• About this task
Return the lines of the data below starting at the one holding "为切实强化青年学生政治引领,以实践育人促" and ending at the one holding "Set van 4 waxinelichthouders.", word for word, leaving every picture out.

Segment Start: Material for this exercise

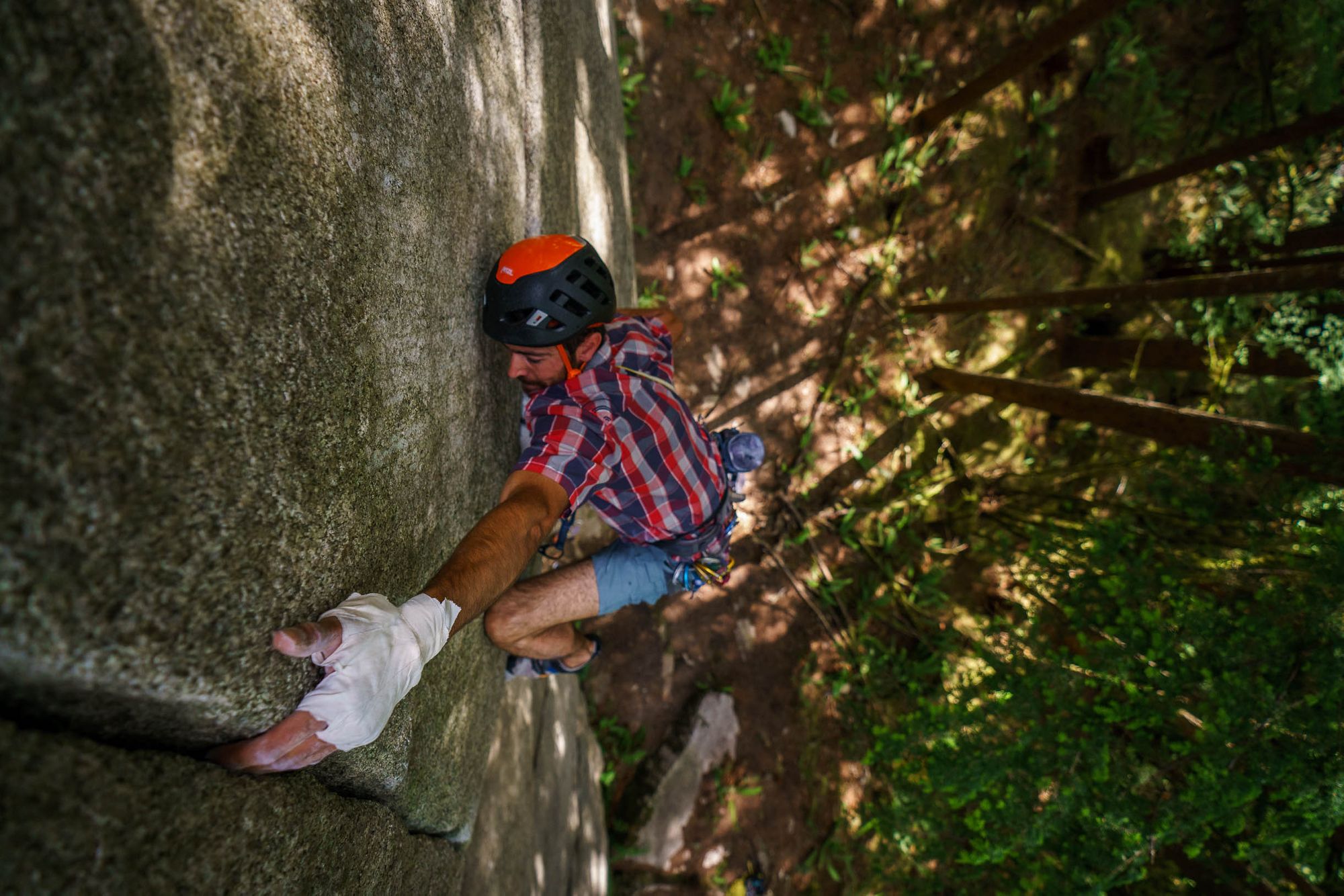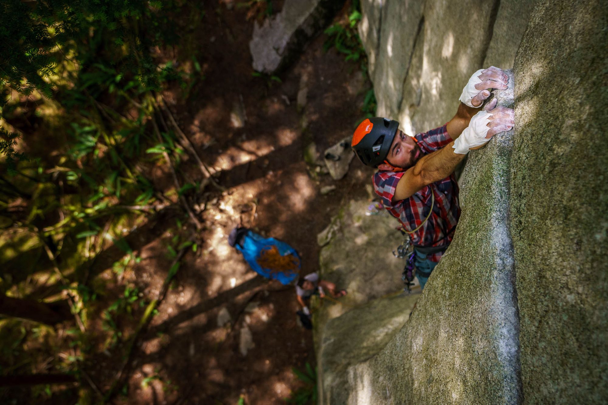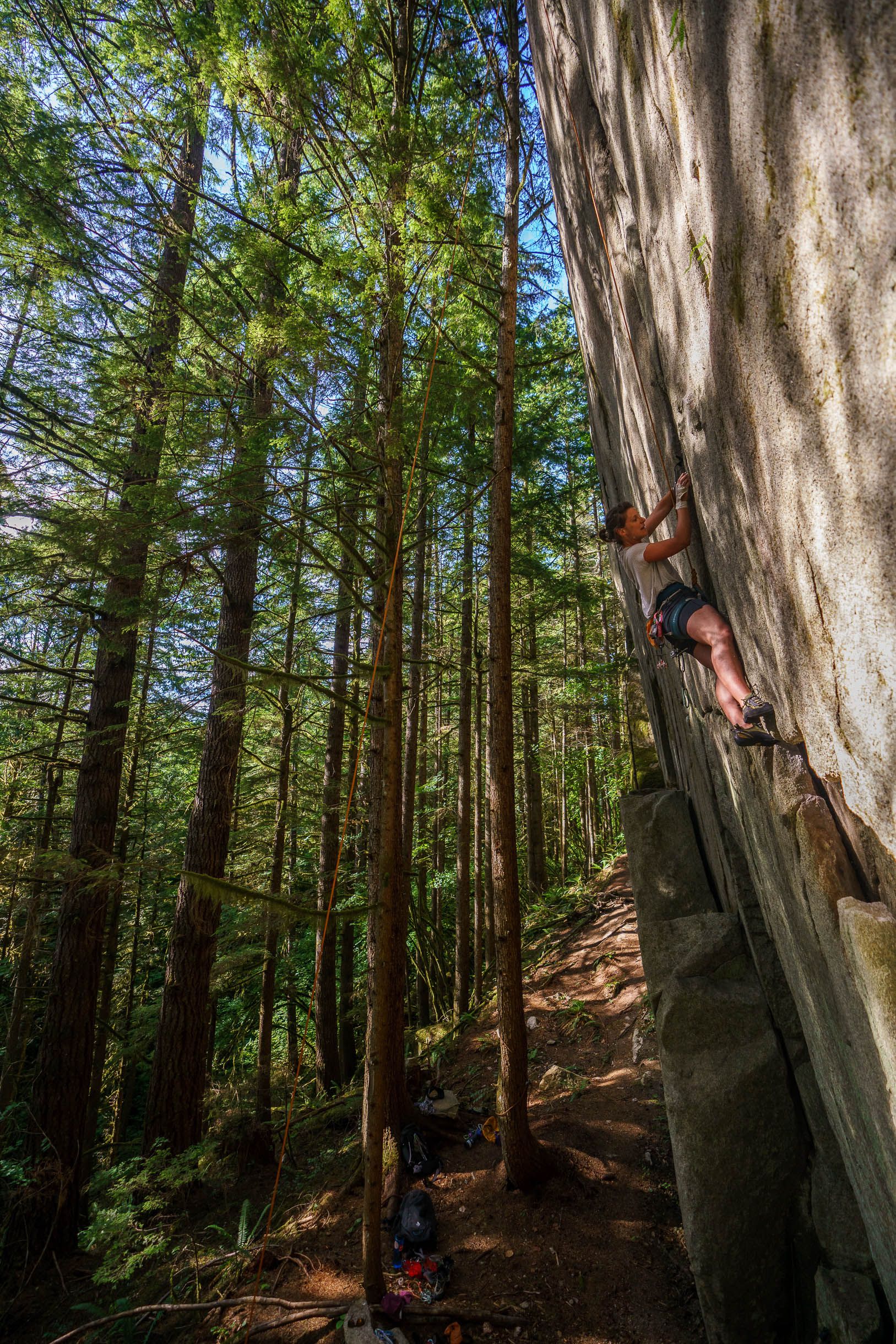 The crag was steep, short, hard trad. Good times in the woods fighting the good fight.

Segment End: Material for this exercise
Segment Start: Material for this exercise

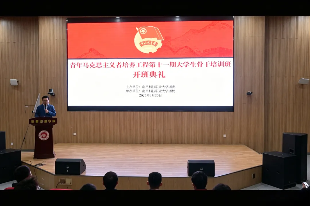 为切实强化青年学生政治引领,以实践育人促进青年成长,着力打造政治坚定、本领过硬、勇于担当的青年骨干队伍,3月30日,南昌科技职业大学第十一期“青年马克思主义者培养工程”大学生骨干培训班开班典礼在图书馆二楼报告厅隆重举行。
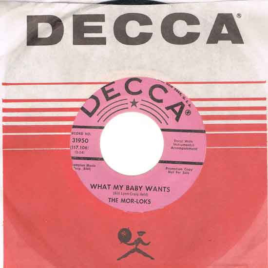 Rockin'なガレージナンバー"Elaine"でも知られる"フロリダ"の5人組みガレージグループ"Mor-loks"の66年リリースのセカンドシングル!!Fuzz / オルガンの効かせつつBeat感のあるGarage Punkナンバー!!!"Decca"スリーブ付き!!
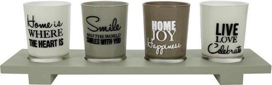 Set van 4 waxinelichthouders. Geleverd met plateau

Segment End: Material for this exercise
Segment Start: Material for this exercise

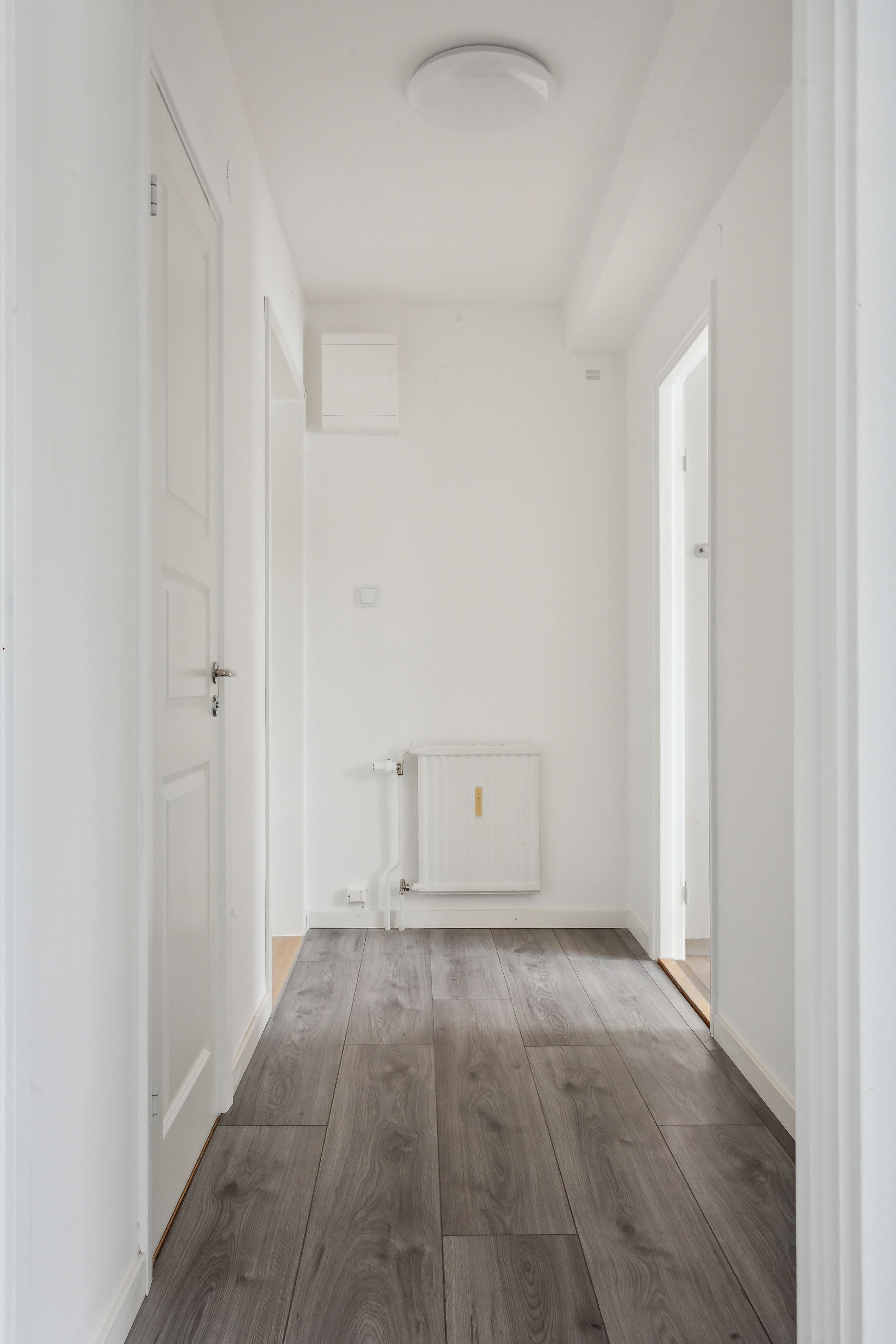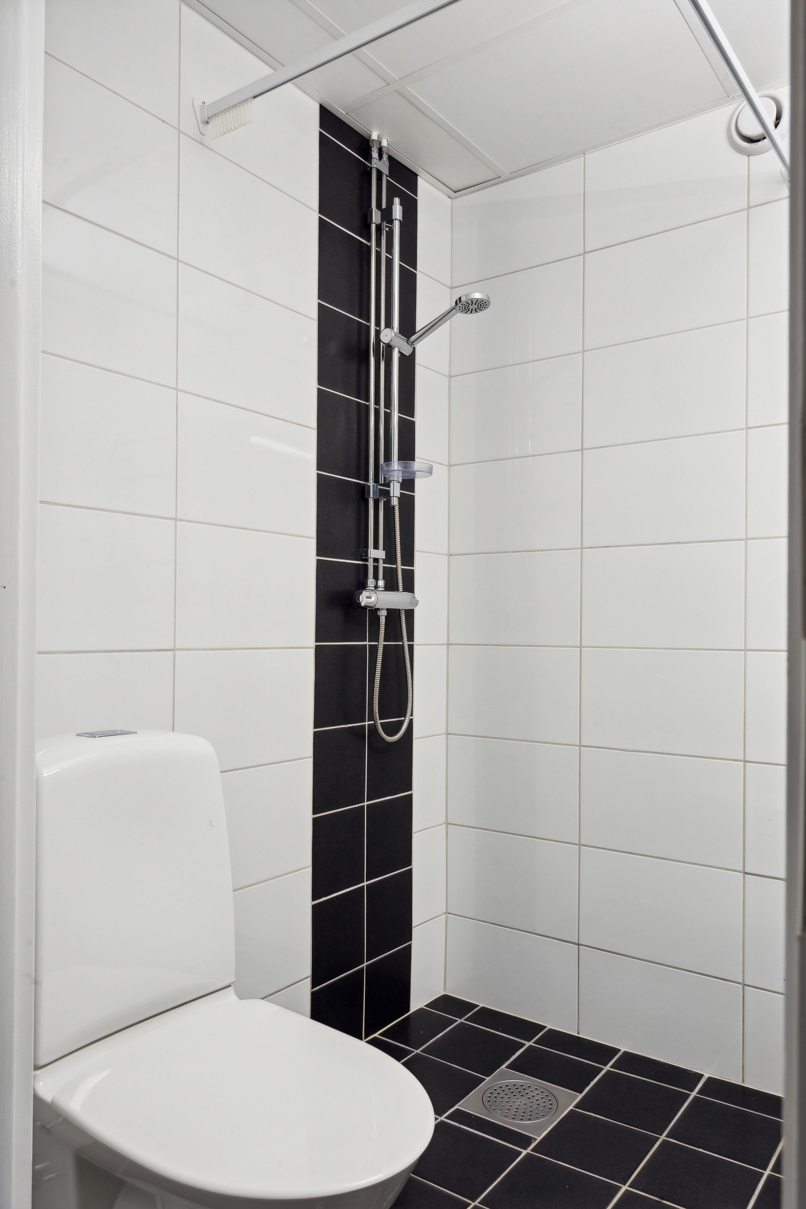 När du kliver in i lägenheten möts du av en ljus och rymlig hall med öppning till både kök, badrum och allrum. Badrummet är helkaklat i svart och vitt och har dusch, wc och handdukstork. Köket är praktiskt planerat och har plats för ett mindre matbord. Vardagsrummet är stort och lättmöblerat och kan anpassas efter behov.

Segment End: Material for this exercise

• Answer space
 为切实强化青年学生政治引领,以实践育人促进青年成长,着力打造政治坚定、本领过硬、勇于担当的青年骨干队伍,3月30日,南昌科技职业大学第十一期“青年马克思主义者培养工程”大学生骨干培训班开班典礼在图书馆二楼报告厅隆重举行。
 Rockin'なガレージナンバー"Elaine"でも知られる"フロリダ"の5人組みガレージグループ"Mor-loks"の66年リリースのセカンドシングル!!Fuzz / オルガンの効かせつつBeat感のあるGarage Punkナンバー!!!"Decca"スリーブ付き!!
 Set van 4 waxinelichthouders. Geleverd met plateau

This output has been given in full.